If you took just one rule of thumb from it, let it be this: if you want speed with garbage collected languages, be sure to use at most 1/6 of the overall system memory.

0: http://sealedabstract.com/rants/why-mobile-web-apps-are-slow...


> Now, if someone combined a pauseless GC with proper cleanup (i.e. skipping GC altogether) of variables where the compiler could determine when they can be thrown away, matters would be different. (So, in other words, the compiler inserts `malloc` (or whatever) calls, and ensures that every variable created is either `free`d exactly once after it becomes unreachable or is added to the set tracked by the GC (or is a constant - especially pertinent with strings). With (hidden) local variables to track control flow when different branches cause different allocations.)

Freeing is not an issue, you don't pay for garbage in a proper GC, as the GC only scans living objects, and never frees.

The problem is allocation, as a scan is triggered when a certain number of bytes has been allocated. Go allows you to skip allocating on the heap (thus the GC), since you can define what is allocated on the stack or heap.

You potentially could do as you propose, by inserting "free" at certain points where you could prove the variable was safe to throw away. Free would basically just then say "you can now postpone allocation, you have more free memory". But this has it's own drawbacks. For one you a minimal amount more to do (calling 'free'), but more importantly you will increase time spent in allocation objects, because you have to scan the heap for available space instead of just bumping a pointer.

The most important thing is allowing the programmer a way to avoid the managed heap, which Go does, and C# to some degree does through structs.


I'm not sure I understand how to make zero allocations? Does this mean you create your variables outside of a requestAnimationFrame (rAF) and update their values inside the rAF?


That's what it means, yep. Making object pools, etc. This can be harder than it sounds, to put it mildly.

In other words, completely subverting the GC altogether.


Object pools for vectors are damned useful...both Xith3D and Ardor3D in Java had free pools for their vector classes, and using those significantly impacted memory usage and frame delays.


So basically one needs to re-implement smart pointers in Javascript, right ?

What are the alternative to js style GC,for a language that wouldnt want to the developper to use manual memory allocation.I've heard about ARC.Are there other known architectures?


As I said: a pauseless GC with a smart language implementation would be fine.

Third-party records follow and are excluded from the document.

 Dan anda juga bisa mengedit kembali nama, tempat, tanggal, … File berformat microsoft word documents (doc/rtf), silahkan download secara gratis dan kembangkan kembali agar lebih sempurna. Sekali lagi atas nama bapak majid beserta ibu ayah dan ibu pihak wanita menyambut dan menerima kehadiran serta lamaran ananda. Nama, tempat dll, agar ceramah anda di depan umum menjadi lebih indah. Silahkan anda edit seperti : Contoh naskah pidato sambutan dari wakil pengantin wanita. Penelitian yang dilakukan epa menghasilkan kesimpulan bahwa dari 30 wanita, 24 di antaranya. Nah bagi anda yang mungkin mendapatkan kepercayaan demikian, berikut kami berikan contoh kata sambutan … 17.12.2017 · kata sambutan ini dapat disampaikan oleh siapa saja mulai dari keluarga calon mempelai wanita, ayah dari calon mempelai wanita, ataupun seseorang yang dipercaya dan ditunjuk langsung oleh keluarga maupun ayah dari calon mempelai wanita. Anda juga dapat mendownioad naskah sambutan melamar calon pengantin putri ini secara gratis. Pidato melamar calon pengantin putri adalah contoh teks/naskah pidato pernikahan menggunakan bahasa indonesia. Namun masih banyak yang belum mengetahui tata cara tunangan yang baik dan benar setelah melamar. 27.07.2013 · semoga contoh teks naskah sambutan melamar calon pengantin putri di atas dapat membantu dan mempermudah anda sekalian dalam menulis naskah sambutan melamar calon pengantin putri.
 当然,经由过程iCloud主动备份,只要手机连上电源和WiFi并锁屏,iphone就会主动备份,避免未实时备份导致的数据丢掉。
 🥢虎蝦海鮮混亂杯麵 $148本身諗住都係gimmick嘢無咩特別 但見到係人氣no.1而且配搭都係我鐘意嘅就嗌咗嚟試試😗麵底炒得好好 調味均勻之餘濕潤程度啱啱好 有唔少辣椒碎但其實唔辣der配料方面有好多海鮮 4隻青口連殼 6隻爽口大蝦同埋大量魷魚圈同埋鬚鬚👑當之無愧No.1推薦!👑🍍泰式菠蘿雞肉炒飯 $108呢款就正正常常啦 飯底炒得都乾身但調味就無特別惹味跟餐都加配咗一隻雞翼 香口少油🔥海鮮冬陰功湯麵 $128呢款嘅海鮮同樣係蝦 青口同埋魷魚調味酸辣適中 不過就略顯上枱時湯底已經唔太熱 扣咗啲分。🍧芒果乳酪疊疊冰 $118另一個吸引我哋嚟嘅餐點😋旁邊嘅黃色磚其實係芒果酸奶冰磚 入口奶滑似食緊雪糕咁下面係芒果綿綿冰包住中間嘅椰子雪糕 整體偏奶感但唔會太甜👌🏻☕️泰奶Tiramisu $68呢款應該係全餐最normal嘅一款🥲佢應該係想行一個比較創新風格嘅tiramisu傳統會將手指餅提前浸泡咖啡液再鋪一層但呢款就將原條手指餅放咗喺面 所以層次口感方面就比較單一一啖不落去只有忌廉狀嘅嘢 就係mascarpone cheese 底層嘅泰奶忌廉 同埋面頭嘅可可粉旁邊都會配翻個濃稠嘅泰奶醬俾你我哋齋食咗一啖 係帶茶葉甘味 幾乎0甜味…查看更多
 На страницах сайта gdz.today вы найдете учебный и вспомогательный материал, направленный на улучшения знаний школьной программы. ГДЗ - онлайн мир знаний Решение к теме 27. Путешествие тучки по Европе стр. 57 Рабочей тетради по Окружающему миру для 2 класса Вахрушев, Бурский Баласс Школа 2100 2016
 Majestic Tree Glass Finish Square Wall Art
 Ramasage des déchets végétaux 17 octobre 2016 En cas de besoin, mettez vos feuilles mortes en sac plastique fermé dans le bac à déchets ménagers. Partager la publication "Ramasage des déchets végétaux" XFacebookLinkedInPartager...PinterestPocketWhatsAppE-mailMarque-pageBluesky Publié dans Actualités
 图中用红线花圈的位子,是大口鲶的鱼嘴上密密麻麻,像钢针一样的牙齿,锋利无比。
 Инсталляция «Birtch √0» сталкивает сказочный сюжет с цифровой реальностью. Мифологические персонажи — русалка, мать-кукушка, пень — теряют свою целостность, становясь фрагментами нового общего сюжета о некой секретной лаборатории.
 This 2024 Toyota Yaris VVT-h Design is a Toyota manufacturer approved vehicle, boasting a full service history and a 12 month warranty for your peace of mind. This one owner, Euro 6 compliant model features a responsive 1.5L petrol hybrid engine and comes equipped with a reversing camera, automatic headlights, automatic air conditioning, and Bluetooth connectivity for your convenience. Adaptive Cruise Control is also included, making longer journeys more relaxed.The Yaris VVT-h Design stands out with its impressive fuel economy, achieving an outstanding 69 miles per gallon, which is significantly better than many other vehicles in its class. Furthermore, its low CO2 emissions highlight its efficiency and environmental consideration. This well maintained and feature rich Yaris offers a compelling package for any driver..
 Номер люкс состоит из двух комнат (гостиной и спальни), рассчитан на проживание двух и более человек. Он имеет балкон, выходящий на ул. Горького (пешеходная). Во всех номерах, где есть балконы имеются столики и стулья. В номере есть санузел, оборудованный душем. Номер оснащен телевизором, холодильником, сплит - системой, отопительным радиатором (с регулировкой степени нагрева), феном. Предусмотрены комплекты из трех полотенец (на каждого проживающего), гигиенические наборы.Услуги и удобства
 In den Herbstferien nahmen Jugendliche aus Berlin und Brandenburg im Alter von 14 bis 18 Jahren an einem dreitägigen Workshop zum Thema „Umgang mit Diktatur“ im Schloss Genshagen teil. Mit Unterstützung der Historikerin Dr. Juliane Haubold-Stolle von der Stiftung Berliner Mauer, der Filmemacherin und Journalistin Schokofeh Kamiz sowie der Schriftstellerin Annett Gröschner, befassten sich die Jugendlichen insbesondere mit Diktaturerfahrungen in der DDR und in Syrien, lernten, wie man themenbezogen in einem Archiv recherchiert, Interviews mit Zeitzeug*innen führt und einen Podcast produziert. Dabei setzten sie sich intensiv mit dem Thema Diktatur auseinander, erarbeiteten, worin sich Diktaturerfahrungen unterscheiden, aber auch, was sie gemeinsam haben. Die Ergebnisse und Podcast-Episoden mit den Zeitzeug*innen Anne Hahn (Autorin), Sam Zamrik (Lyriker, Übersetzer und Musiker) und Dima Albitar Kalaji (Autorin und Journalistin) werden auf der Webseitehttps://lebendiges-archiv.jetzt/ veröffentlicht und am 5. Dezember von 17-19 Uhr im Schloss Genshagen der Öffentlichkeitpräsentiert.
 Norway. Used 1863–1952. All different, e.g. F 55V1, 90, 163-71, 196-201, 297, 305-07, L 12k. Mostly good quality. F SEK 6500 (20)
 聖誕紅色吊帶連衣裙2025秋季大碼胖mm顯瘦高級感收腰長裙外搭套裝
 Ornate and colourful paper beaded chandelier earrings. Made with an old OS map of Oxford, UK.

ARC can work, but either requires programmers to prevent loops or needs a GC regardless.

Object pools at the language level would be an alternative. (I.e. every object is allocated in a "pool", including pools. When a pool falls out of scope the entire pool is "freed". You can copy objects between pools as necessary.)


Or just a smart language implementation. Go makes it easier to avoid heap allocation, and thus GC, since it allows you to specify if a structure resides on the heap or stack.


thanks for your input.


> Object pools at the language level would be an alternative. (I.e. every object is allocated in a "pool", including pools. When a pool falls out of scope the entire pool is "freed". You can copy objects between pools as necessary.)

This might be called "memory regions" in the literature, or at least the work on using this memory management scheme in an ML (ML Kit).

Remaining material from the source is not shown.